Attribute | Name | Description |
---|---|---|
26-50058-97 |
RtBrick-Policer-L1-Packets-In |
Incoming Policer L1 accepted packets (uint64) |
26-50058-98 |
RtBrick-Policer-L1-Bytes-In |
Incoming Policer L1 accepted bytes (uint64) |
26-50058-99 |
RtBrick-Policer-L2-Packets-In |
Incoming Policer L2 accepted packets (uint64) |
26-50058-100 |
RtBrick-Policer-L2-Bytes-In |
Incoming Policer L2 accepted bytes (uint64) |
26-50058-101 |
RtBrick-Policer-L3-Packets-In |
Incoming Policer L3 accepted packets (uint64) |
26-50058-102 |
RtBrick-Policer-L3-Bytes-In |
Incoming Policer L3 accepted bytes (uint64) |
26-50058-103 |
RtBrick-Policer-L4-Packets-In |
Incoming Policer L4 accepted packets (uint64) |
26-50058-104 |
RtBrick-Policer-L4-Bytes-In |
Incoming Policer L4 accepted bytes (uint64) |
Those attributes will be encoded as subattributes (RFC2865) similar to broadband forum (BBF) line attributes to reduce the size of the RADIUS message. Counters with a zero value will be also excluded from the packet.

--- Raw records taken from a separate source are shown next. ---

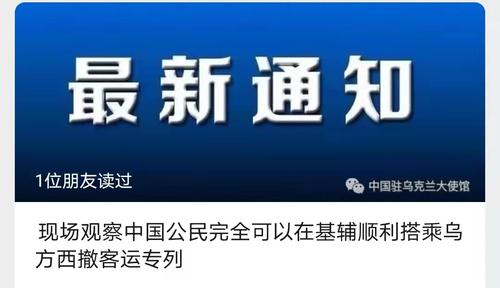 据中国驻乌克兰大使馆微信号消息,3月1日,乌方开通专门用于撤离的专列,我馆已在第一时间发布有关信息。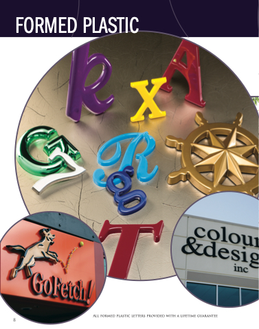 FORMED PLASTIC 8 All formed plastic letters provided with a lifetime guarantee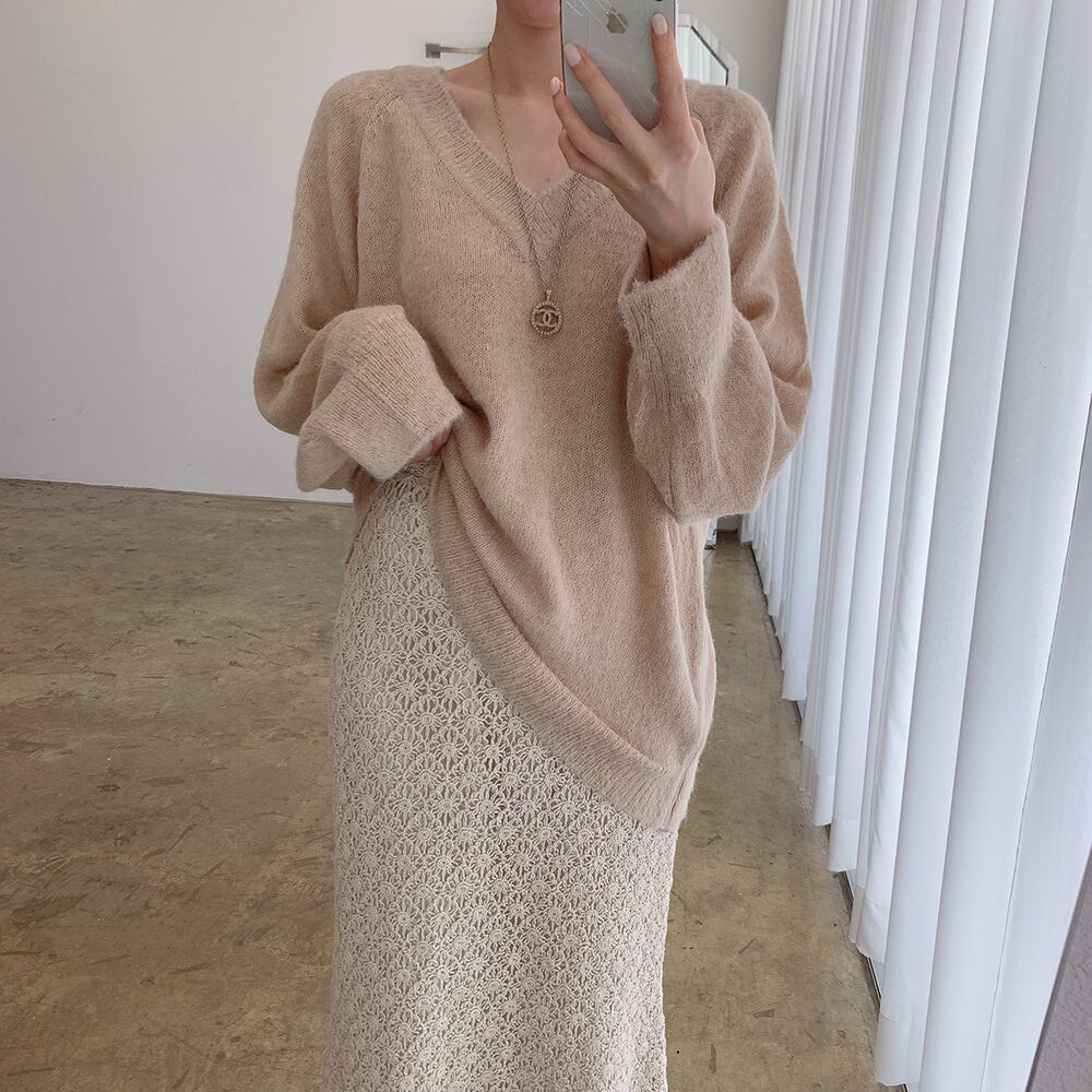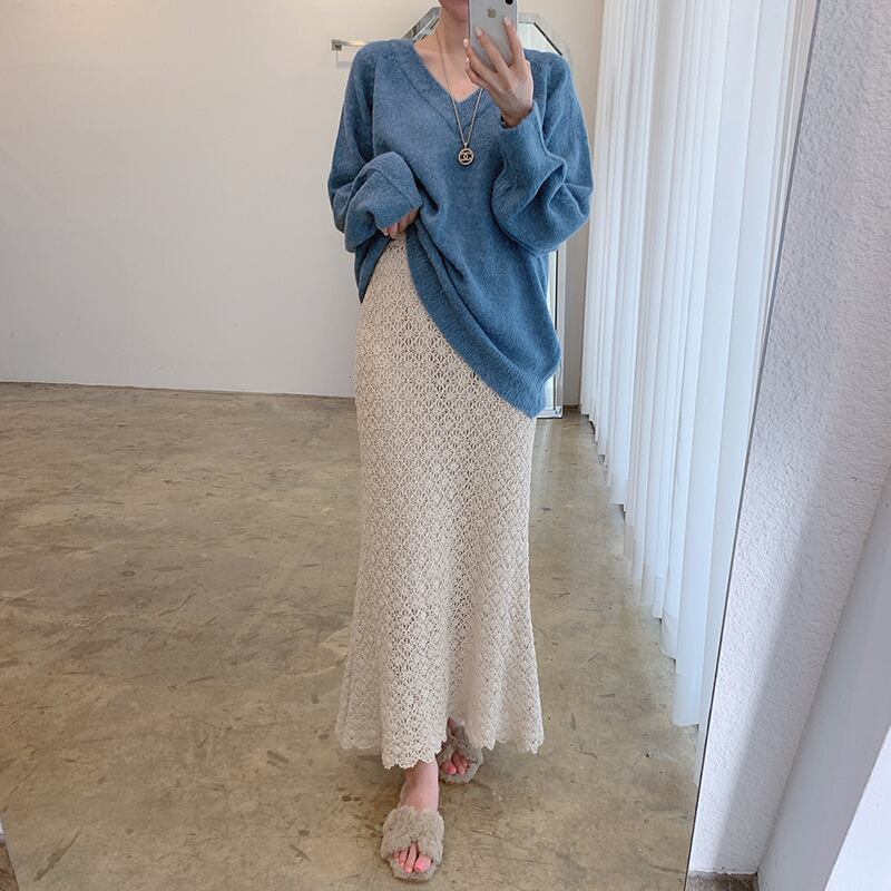 色:アプリコットセーター,青いセーター,スカート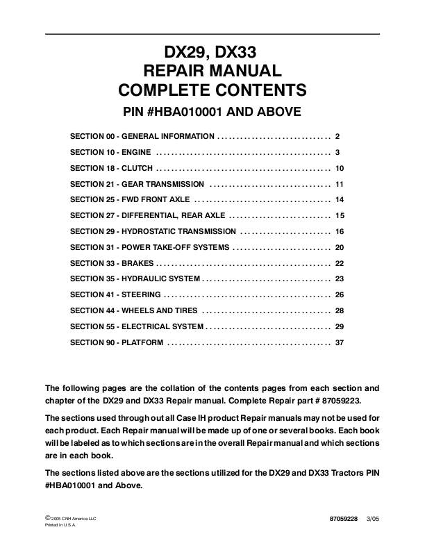 Case IH DX29, DX33 Tractors PIN #HBA010001 AND ABOVE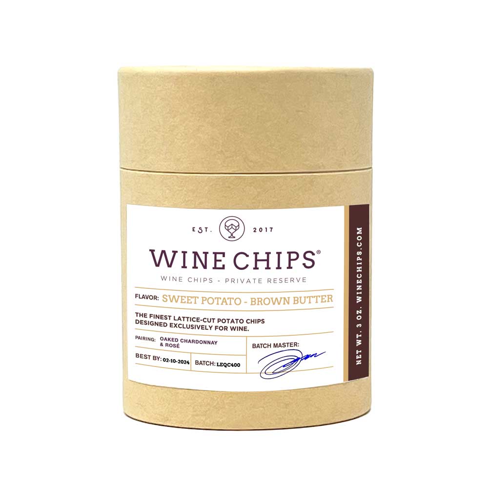 Sweet Potato - Brown Butter - It's a Wine Chip that exudes smooth richness and sweet-savory allure with a heavenly caramel aroma. It's simple yet versatility, this flavor hints at sear-like qualities with a toasty delectability. Perfectly complementing sweet companions, this buttery Wine Chip pairs with dessert wines such as oaked Chardonnay or Rosé.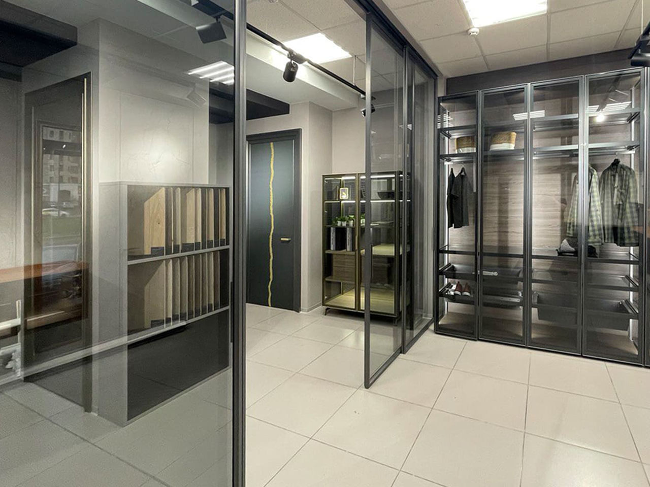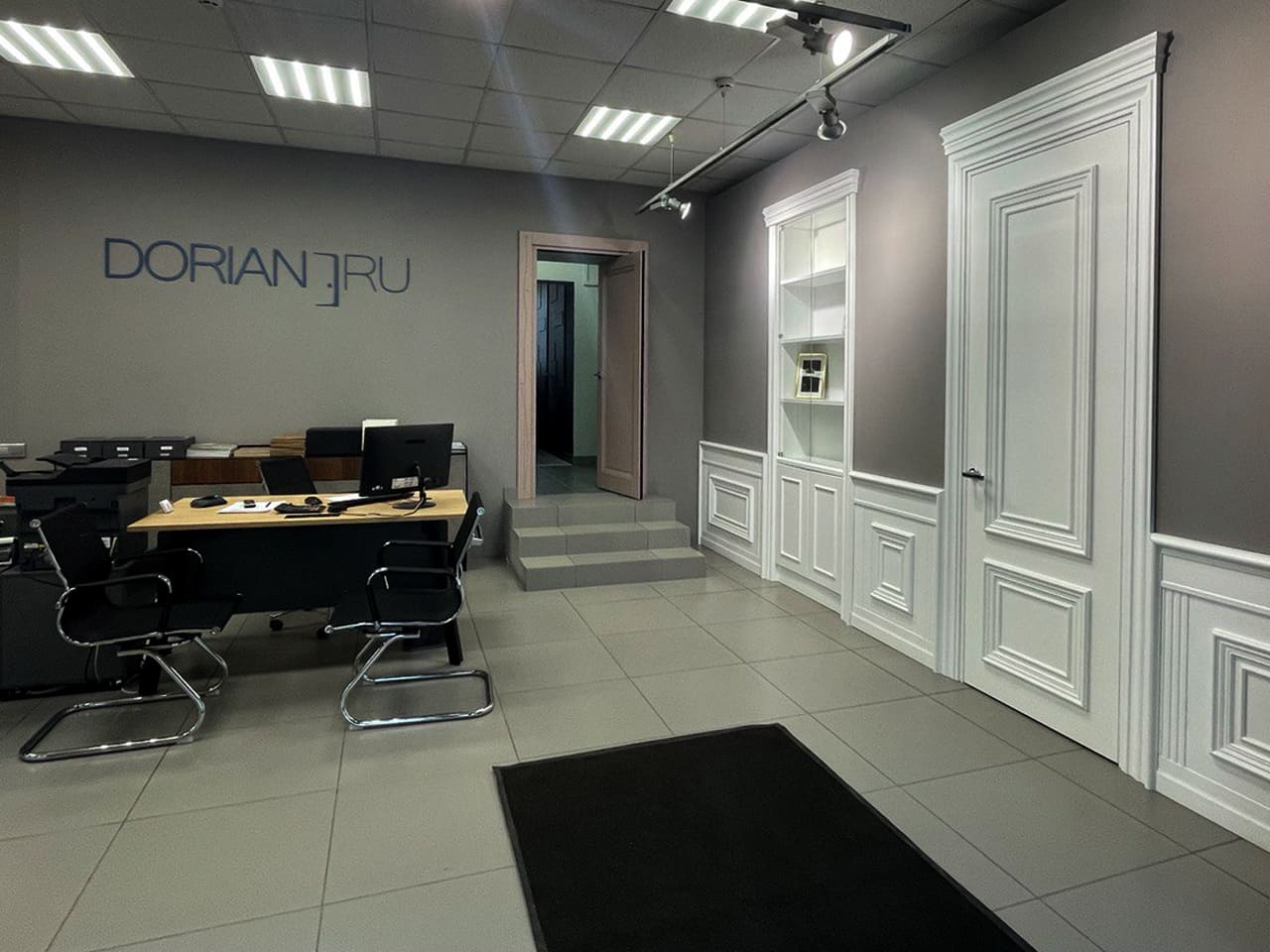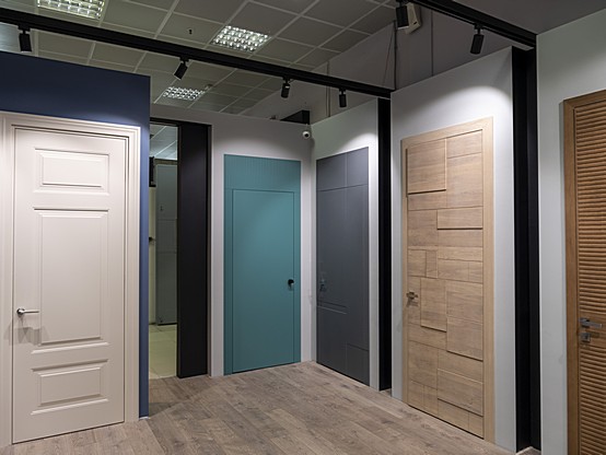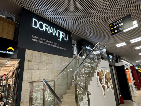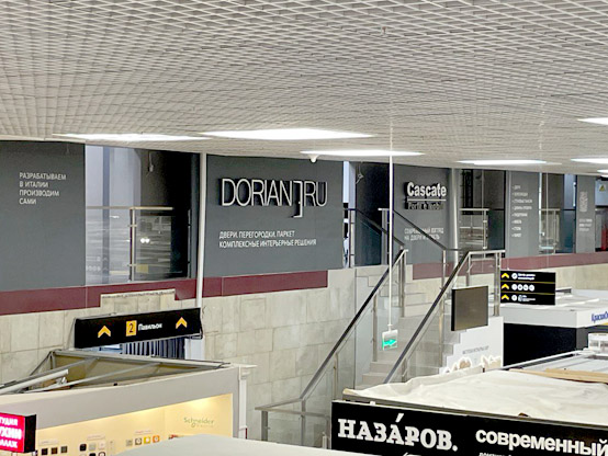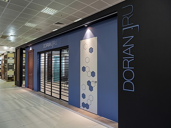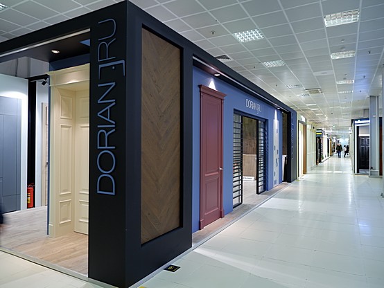 Большой салон DORIAN – 350 м2: максимальный выбор эмалевых и шпонированных дверей, дверей и мебели из алюминия, паркета, входных дверей.

Service Classification and Accounting
The underlying virtual output queueing (VOQ) is a common and efficient architecture for high performance switches but brings some major limitations. One obvious limitation is that queues must be allocated in ingress and canΓÇÖt be changed in egress as shown in the picture below.
Service classification and accounting is based on standard behavior aggregate (BA) and multifield classifier (MF) bound global or to ingress interfaces matching on some protocol fields assigning a traffic class. Downstream traffic (to subscriber) is counted per subscriber and class using queue counters to count only traffic not dropped by QoS. Upstream traffic (from subscribers) is countered per subscriber and policer level.
Some service providers would like to control if premium traffic is handled differently on a per subscriber basis which can be also achieved with VOQ as explained below.
Let us assume a product which handles video streaming services with higher priority or excludes those traffic from actual data volume. With VOQ the classification as Video is done on the ingress core interface equally for all subscribers regardless of the booked product. Now instead of changing the queue per subscriber in egress, the behavior of the queue can be changed to behave equally to BestEffort which is supported in egress per subscriber.
The corresponding Video traffic is now threaded equally to BestEffort but still counted separately. For accounting purposes the traffic of BestEffort and Video can be simply added in the billing infrastructure to get the actual amount of BestEffort traffic.
In upstream, the expected class and policer level can be assigned per subscriber because BA and MF classifiers are bound to the PPPoE session in ingress.